One of Murray Rothbard’s strangest doctrines is that fractional reserve banking (i.e. virtually all banking with which First World consumers have any direct experience) is inherently fraudulent and should therefore be illegal.  As he puts it in The Mystery of Banking:

It should be clear that modern fractional reserve banking is a shell game, a Ponzi scheme, a fraud in which fake warehouse receipts are issued and circulate as equivalent to the cash supposedly represented by the receipts.

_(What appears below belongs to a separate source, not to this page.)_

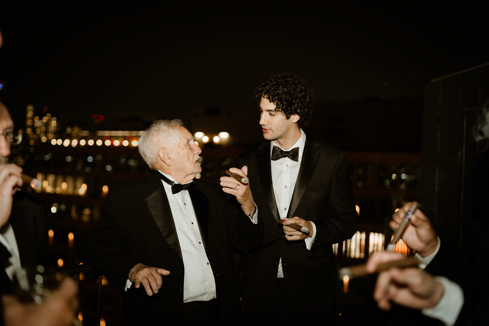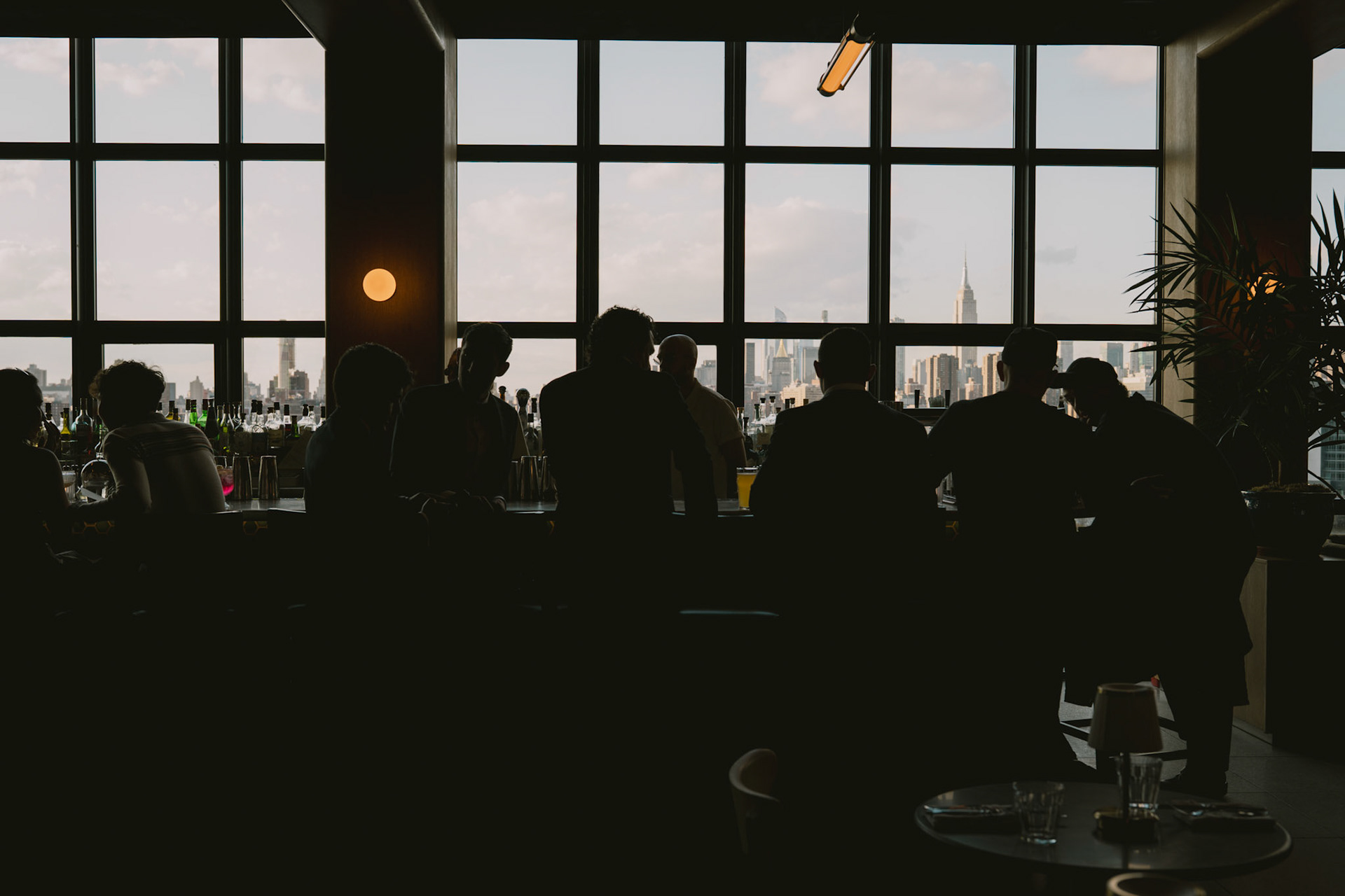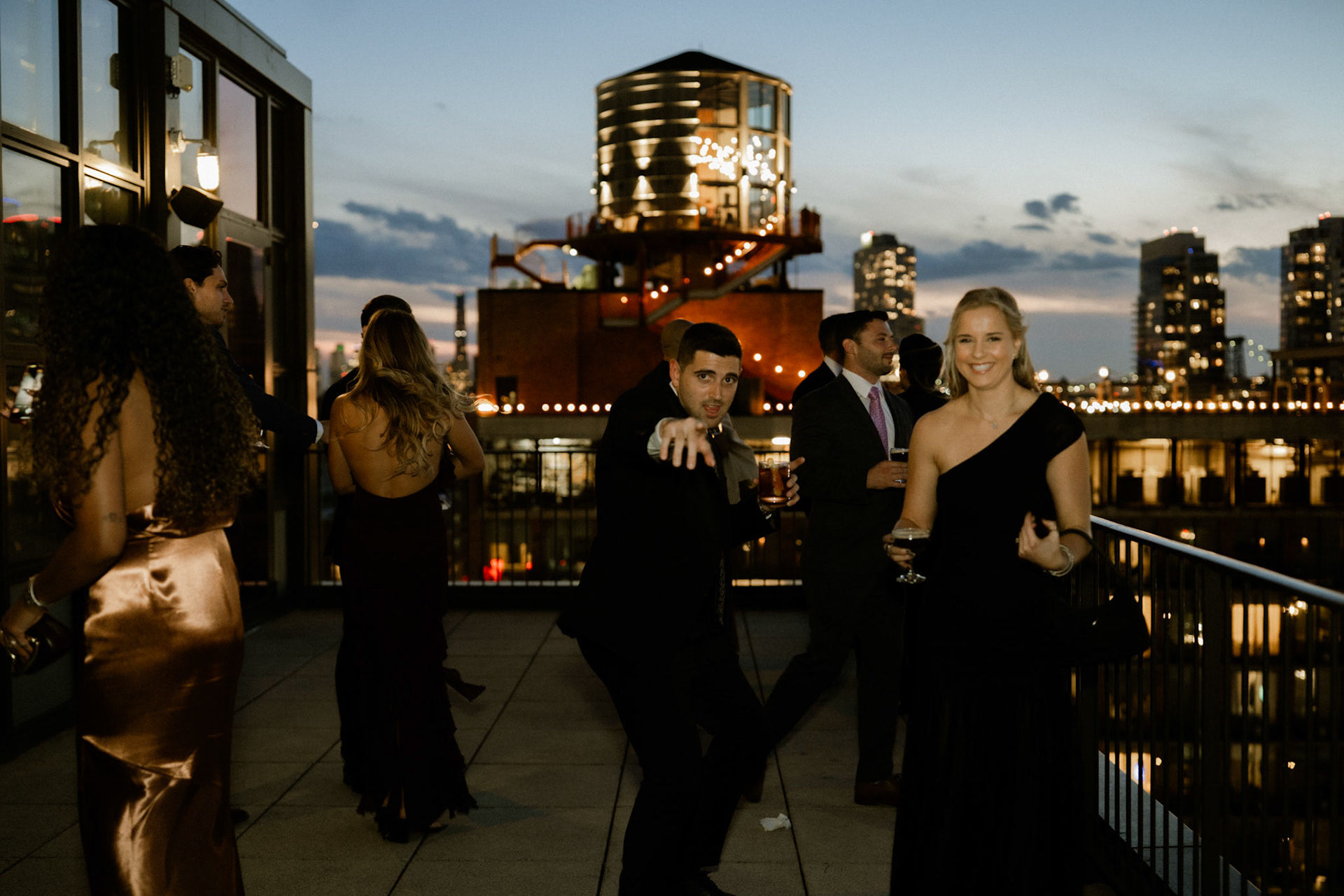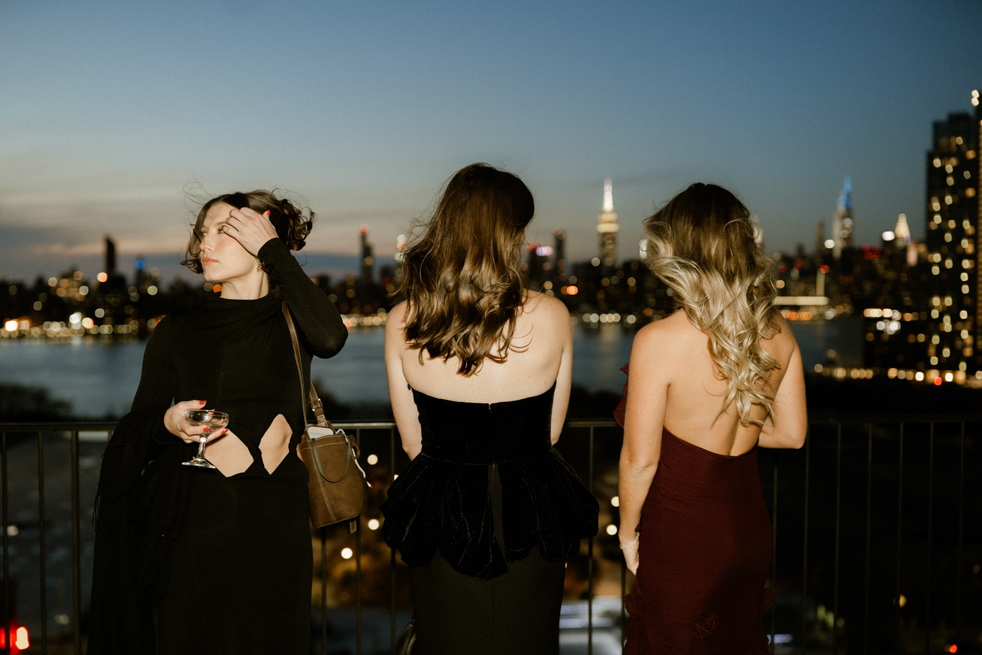 cocktail hour on the penthouse roof against the manhattan skyline

This looks even stranger, though, when you read what Rothbard has to say about fraud in general:

No
administrator is needed to prevent nonfraudulent sales; if a man simply
sells what he calls “bread,” it must meet the common
definition
of bread held by consumers, and not some arbitrary
specification. However, if he specifies the
composition on the loaf, he is liable for prosecution if he is lying.
It must be emphasized that the crime is not lying per se,
which is a moral problem not under the province of a free-market
defense agency, but breaching a contract–taking
someone else’s property under false pretenses and therefore
being guilty of fraud.

If “the bank can lend out your money to other people” is not part of the “common definition” of a bank account, what is?  This is especially clear if you remember that most banks do offer a 100% reserve option – called safety deposit boxes.  So if Rothbard asked the typical bank customer to explain the difference between a bank account and a safety deposit box, what on earth would he expect him to say?

In the end, Rothbard’s position is as absurd as claiming that it’s fraudulent to sell non-organic bread.  Not only do grocers sell organic and non-organic bread side-by-side; non-organic bread is still a lot more popular!